Джерри, Дарби, другие ребята из "The Great Society" и я играли в "Филлморе" довольно часто, "разогревая" зал перед выступлением более популярных групп, таких, как "Jefferson Airplane". Перед выступлением мы загружали инструменты в фургон, подъезжали к служебному входу, а ребята, которые стояли в очереди, подходили потрепаться с нами, пока мы вносили аппаратуру. Никаких металлоискателей, никакой охраны, никаких пропусков за сцену, никаких гостевых мест. Все вокруг были "нашими".
Когда двери открываются, серость исчезает окончательно. Кончается лестница, ведущая в главный зал "Филлмора", и вы упираетесь в стену из разноцветных постеров. Их столько, что самой стены не видно. В цветных изображениях девушек с гирляндами цветов в руках, указывающих на причудливо изогнутые буквы, составляющие названия групп, чувствуется влияние арт-нуво. На одном постере можно увидеть теперь уже многим знакомый череп "Grateful Dead", увенчанный розами; на другом – стилизованная под ретро-вестерн фотография "The Charlatans" в овале. А рядом длинноволосый юноша пускает мыльные пузыри.
Войдя в зал, вы ловите себя на мысли, что в комнате смешались семь разных эпох. Интерьер оформлен в стиле рококо, характерном для рубежа веков.

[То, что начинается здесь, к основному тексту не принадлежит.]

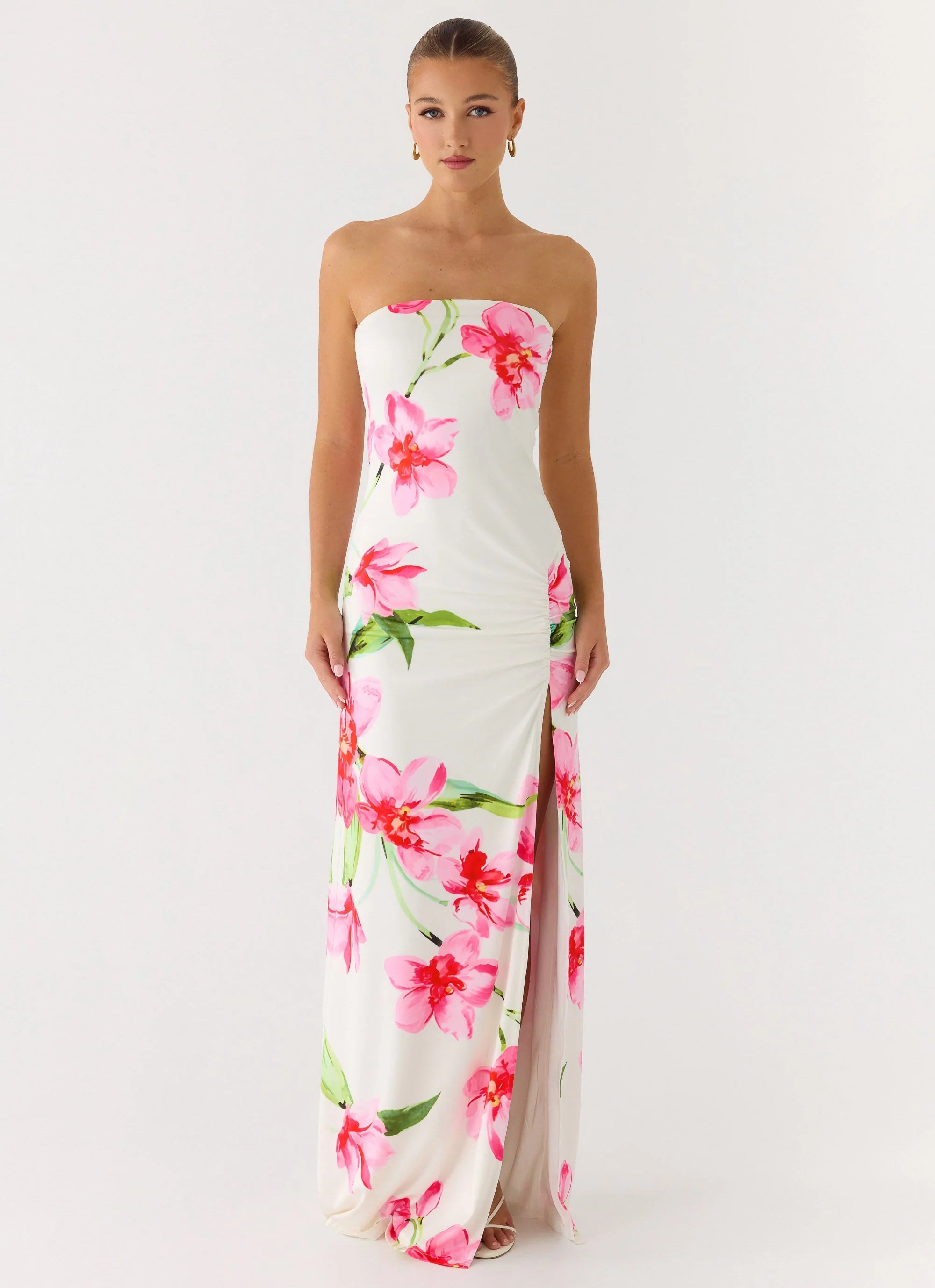 The Erivo Strapless Maxi Dress is made for golden hour moments that flow into late-night elegance. Featuring a strapless neckline with silicone elastic for a secure fit, this maxi-length silhouette boasts a front slit and a sleek stretch jersey finish. Crafted in an exclusive print, it moves effortlessly with every step under sunset skies.

Кто-то в красных трусах, раскрашенный серебрянкой, раздает индийские благовония. Девушка в костюме эпохи Возрождения кружится под музыку барокко, слышную ей одной. Компания в джинсах и индейских налобных повязках, усевшись в кружок на полу, курит траву. Рядом симпатичный мужик в мушкетерском костюме расставляет пепельницы на дешевых столиках годов пятидесятых, стоящих вдоль стен. В углу люди скидывают одежду – когда "кислота" подействует, они раскрасят друг друга флуоресцентными красками, чтобы светиться в темноте. Те же, кто еще одет, выглядят, как Клинт Иствуд в вестернах, или попросту носят футболку и джинсы – но вспыхивающие прожектора заставляют светиться даже обычную одежду.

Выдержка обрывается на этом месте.